EvaluationRequest is an arbitrary object with tool_name (required) and an optional agent_id. Add any other fields your policies reference as dot-paths (input.command, kwargs.amount, etc.). Returns an EvaluationResult:
FieldTypeNotes
decision'allow' | 'deny'The decision.
matchedPolicyIdstring | nullId of the policy that matched a rule, if any. null if the result is from defaultEffect fall-through.
matchedPolicyVersionnumber | nullVersion of the matched policy.
matchedRuleIdstring | nullId of the rule that matched.
code'AGENT_FROZEN' | 'NO_POLICIES' | 'POLICY_COMPILE_ERROR' | 'EVAL_TIMEOUT' | undefinedStable code on denies that aren’t from a regular rule match.
reasonstring | undefinedHuman-readable reason for the deny. Surfaces the kill-switch / fail-closed message.
latencyMsnumberWall-clock evaluation time in ms.

Algorithm

  1. Frozen-agent kill-switch. If bundle.frozenAgentIds contains request.agent_id (case-insensitive), return deny / AGENT_FROZEN before any rule fires.
  2. Empty-bundle fail-closed.
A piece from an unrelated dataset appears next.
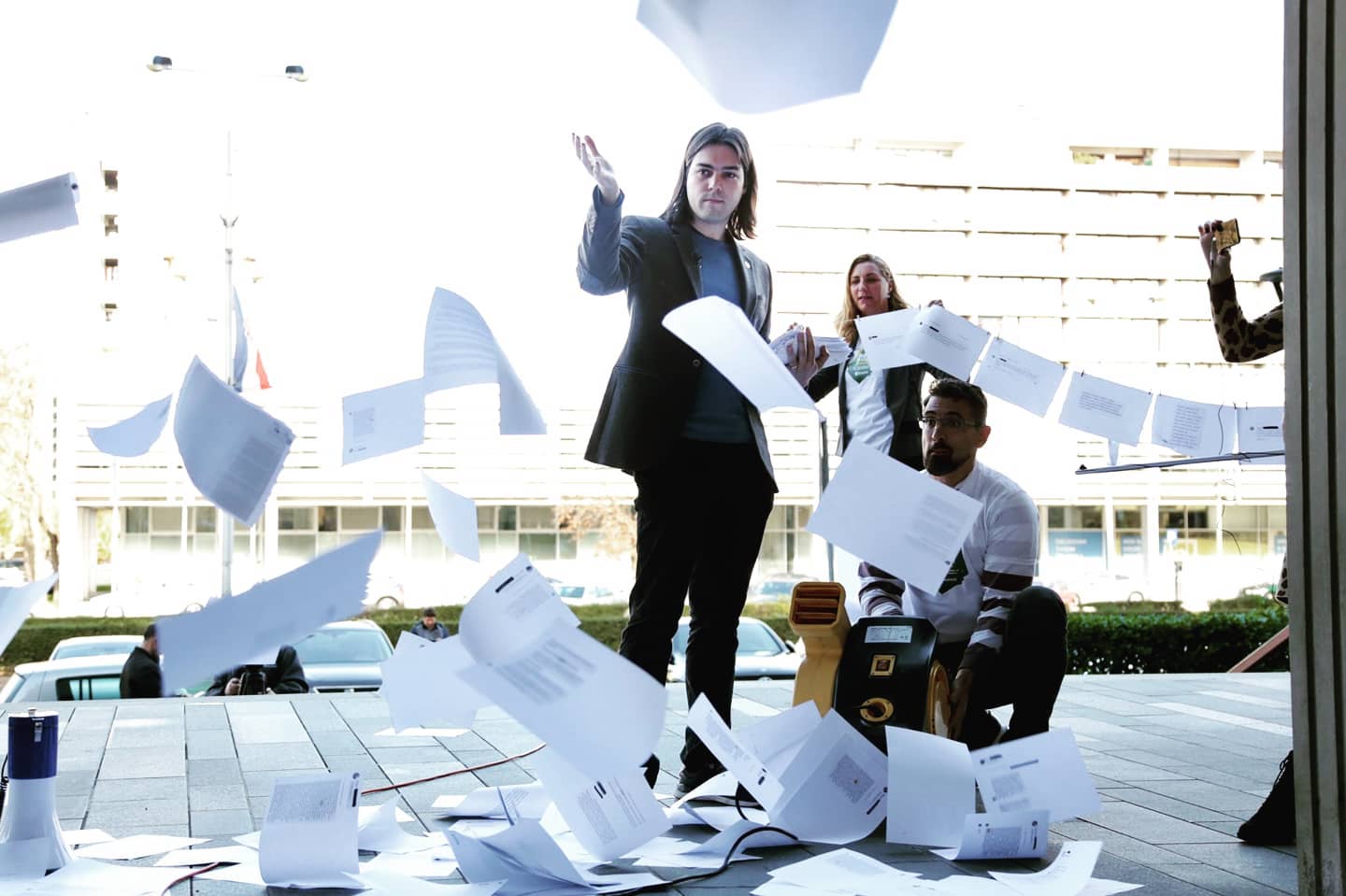 Ivan Vilibor Sinčić, poznat je po znakovitim preformansima. Ovoga puta, ispred zgrade FINA-e u Vukovarskoj ulici bacao je tisuće papira, na kojima su ispisane poruke ovršenih građana.

If no bundle is loaded or the bundle has no policies, return deny / NO_POLICIES.
  3. Per-policy compile check. If any policy contains a matches rule whose regex failed to compile, return deny / POLICY_COMPILE_ERROR when that policy is reached.
  4. Rule scan. For every (policy, rule) pair, AND all conditions. On match:
    • Record the rule as the current “matched” rule.
    • If the rule’s effect is deny, return immediately.
    • If allow, keep scanning — a later deny wins.
  5. Fall-through. If no rule matched, return the first policy’s spec.defaultEffect.
The summary: first-deny-wins; otherwise last-allow-wins; otherwise the first policy’s defaultEffect.

Operators

OperatorSemantics
eq, neqStrict equality on the resolved field value.
in, not_inMembership in a list (scalar values are normalized to singleton lists). Both sides are stringified before comparison.
contains, starts_with, ends_withString operations. The resolved field is stringified; the condition value must be a string.
matchesre2-backed regex (non-backtracking — ReDoS-immune). Lookaround and backreferences are not supported; patterns using them fail to compile and trigger POLICY_COMPILE_ERROR.

Field resolution

Dot-paths walk the request object:
evaluator.evaluate({
  tool_name: 'pay',
  kwargs: { amount: 5000 },
});

// matches `cond('kwargs.amount', 'matches', '^[1-9][0-9]{3,}$')`
Missing path components resolve to undefined, which compares unequal to anything a policy would eq against. __proto__, constructor, and prototype parts are rejected at the schema layer to prevent prototype-walking; resolveField also uses Object.hasOwn so inherited properties don’t resolve.

Wall-clock budget

Each evaluate() call is bounded to 50 ms of total work. If a pathologically large bundle would exceed that, evaluation bails out with deny / EVAL_TIMEOUT rather than blocking the event loop. The check fires at rule boundaries, so the actual upper bound is “current rule’s evaluation time + 50 ms.” For a healthy 1000-rule bundle on a modern laptop, evaluation typically completes in 1–2 ms — well under the budget.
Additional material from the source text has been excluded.